The whole procedure goes like this. The parent reads the entire file into internal buffer in one big gulp, because of gets. Then it starts copying lines from this buffer into buf and calls printf. But printf doesn’t flush, because the buffering mode is set to _IOFBF - fully buffered.

Then it forks, nothing’s been printed yet. The child inherits whatever parent has collected, and continues reading in the same manned. Doesn’t print anything until exit(0) causes a flush. Then it comes out:

parent: #include <stdio.h>
parent: #include <unistd.h>
parent: #include <string.h>
parent: #include <fcntl.h>
parent: #include <stdlib.h>
 child: #include <sys/wait.h>
 child:
 child: void cat_file(int fd, int n, char *prefix)
 child: {
 child:     char buf[BUFSIZ] = {0};

The parent haven’t printed anything, it’s all child.

The parent resumes, and reads its part. Then it reaches return 0;, which leads to exit(0) call in whatever called the main function from libc (it was _start). And so it goes:

parent: #include <stdio.h>
parent: #include <unistd.h>
parent: #include <string.h>
parent: #include <fcntl.h>
parent: #include <stdlib.h>
parent: #include <sys/wait.h>
parent:
parent: void cat_file(int fd, int n, char *prefix)
parent: {
parent:     char buf[BUFSIZ] = {0};

If we replace exit(0) with _exit(0), the form that doesn’t cause a flush we don’t even hear from the child:

         case 0:
             cat_file(file, 5, " child");
-            exit(0);
+           _exit(0);

~> ./a.out fd_interleaved.c > out; cat out

parent: #include <stdio.h>
parent: #include <unistd.h>
parent: #include <string.h>
parent: #include <fcntl.h>
parent: #include <stdlib.h>
parent: #include <sys/wait.h>
parent:
parent: void cat_file(int fd, int n, char *prefix)
parent: {
parent:     char buf[BUFSIZ] = {0};

This isn’t the only subtlety you can face when dealing with buffered I/O. There are rules of thumb to avoid these kind of issues, and sometimes, especially in CTFs, buffering is simply disabled:

int main(int argc, char **argv) {
    setvbuf(stdout, NULL, _IONBF, 0);
    setvbuf(stdin,  NULL, _IONBF, 0);
    // ...

I don’t know these rules of thumb, so I’m not going to tell you. I would imagine they involve being Very Careful when you share stuff and calling flush every so often. By the way, this flush thing is quite a hammer, and sometimes you have to swing it twice, when just one doesn’t do the job. Don’t believe me? Read this blog post about file system reliability, keeping in mind that fsync is a flush. I found it funny and a bit depressing at the same time.

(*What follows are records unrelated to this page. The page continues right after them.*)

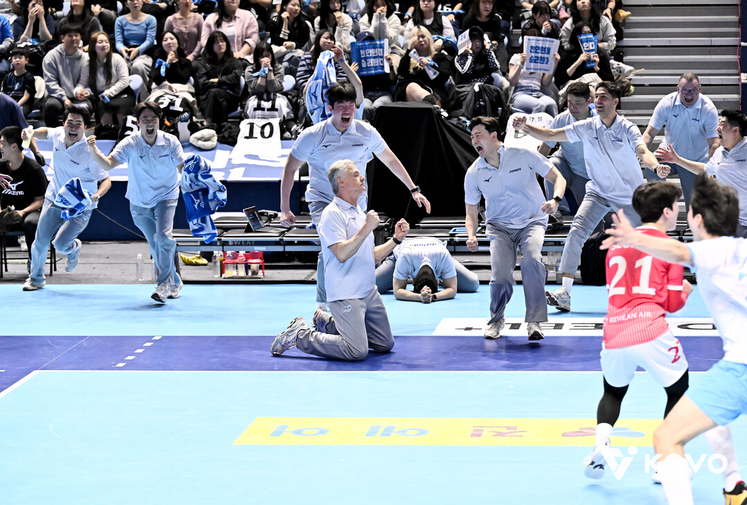 이날 대한항공에서는 4명이 두 자릿수 득점을 올렸다. 외국인 선수 마쏘는 블로킹 6개, 서브 1개를 포함해 17점을 선사했다. 정한용도 14점을 터뜨리며 팀 우승에 혁혁한 공을 세웠다. 임동혁과 정지석이 12, 11점을 올리며 마지막 5차전에서 포효했다.
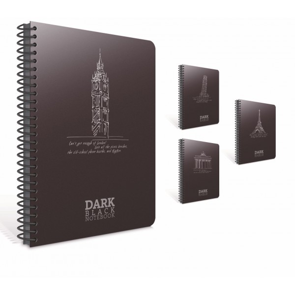 Spirálfüzet GIPTA Dark 17x24cm PP borítással 50 lapos sima 2673
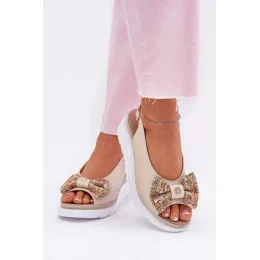 Dámské sandály z přírodní kůže na klínové podrážce jsou elegantní a pohodlnou volbou na letní dny. Zapínají se na přezku s nastavitelným páskem, což zajišťuje skvělé přizpůsobení noze. Na přední straně mají roztomilou mašli s zlatým detailem, která jim dodává jemný šarm. Skvěle se hodí k šatům, sukním nebo kalhotám, spojují pohodlí s módním vzhledem. Ideální na každodenní nošení i speciální příležitosti.

How does Windows handle it?

Windows good.

Windows doesn’t have file descriptors but does have file handles, and buffered streams use these handles. It also has fork. It’s been mentioned in the paper, and I managed to unearth the hidden ways of invoking the damned thing.

With CreateProcess it is more difficult to get into a situation like this. At least, I can’t immediately think of a similar example, and I also don’t want to boot into it. My Windows setup is good, there’s almost no ads now, it’s just, you know… Anyways, that’s it for today.